▶ To do
The entire listing, reproduced exactly and stripped of images, is the expected output.

▶ Provided material
■ ■ ■ ■ ■

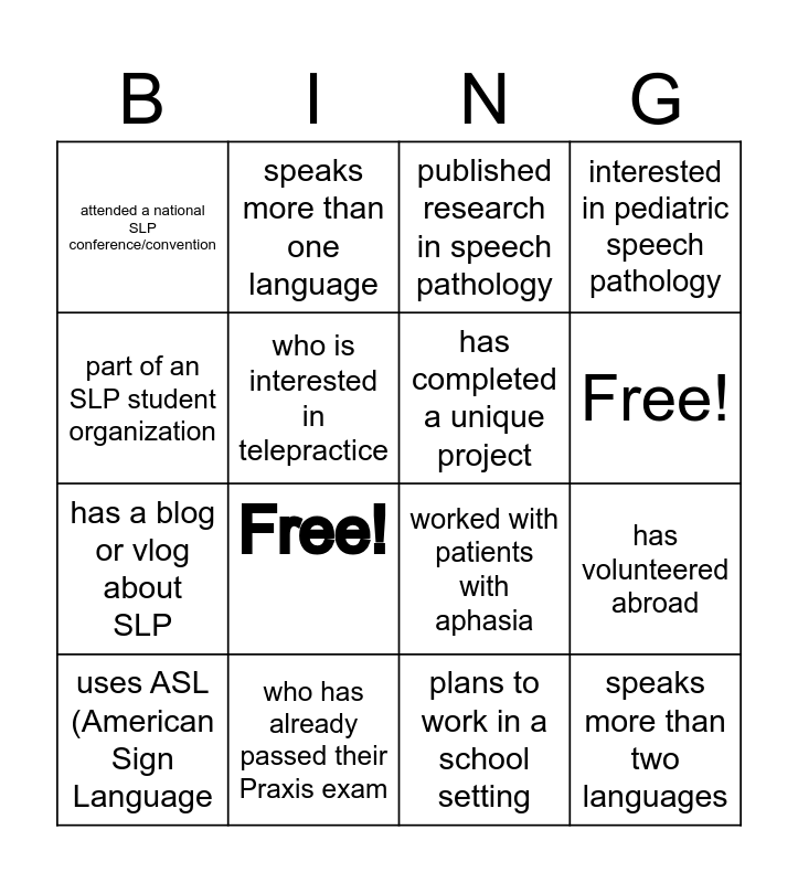 This bingo card has 18 words: Free!, speaks more than two languages, published research in speech pathology, attended a national SLP conference/convention, worked with patients with aphasia, interested in pediatric speech pathology, uses ASL (American Sign Language, speaks more than one language, Free!, has a blog or vlog about SLP, plans to work in a school setting, part of an SLP student organization, has volunteered abroad, who is interested in telepractice, has completed a unique project, plans to specialize in voice disorders, who has already passed their Praxis exam and has a relative also in the healthcare field.
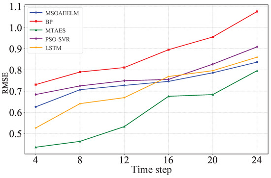The scalability of the proposed model is a critical consideration, particularly when extending the prediction duration, as it effectively increases the complexity of the time series the model must handle. Therefore, this section also compares the prediction performance of each model as the time step increases, using RMSE as the indicator. As shown in Figure 12, the proposed model consistently outperforms the other models at various time steps, demonstrating its scalability.
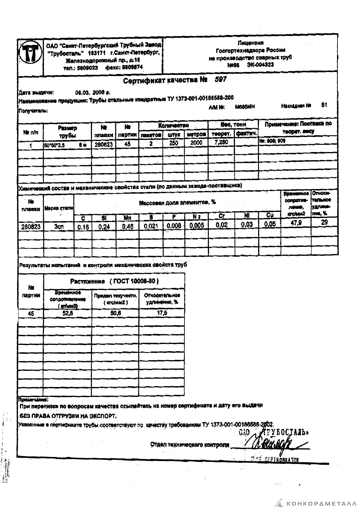 Труба профильная квадратная 50х50х2,5 мм 6 м

■ ■ ■ ■ ■

▶ Response
 This bingo card has 18 words: Free!, speaks more than two languages, published research in speech pathology, attended a national SLP conference/convention, worked with patients with aphasia, interested in pediatric speech pathology, uses ASL (American Sign Language, speaks more than one language, Free!, has a blog or vlog about SLP, plans to work in a school setting, part of an SLP student organization, has volunteered abroad, who is interested in telepractice, has completed a unique project, plans to specialize in voice disorders, who has already passed their Praxis exam and has a relative also in the healthcare field.
The scalability of the proposed model is a critical consideration, particularly when extending the prediction duration, as it effectively increases the complexity of the time series the model must handle. Therefore, this section also compares the prediction performance of each model as the time step increases, using RMSE as the indicator. As shown in Figure 12, the proposed model consistently outperforms the other models at various time steps, demonstrating its scalability.
 Труба профильная квадратная 50х50х2,5 мм 6 м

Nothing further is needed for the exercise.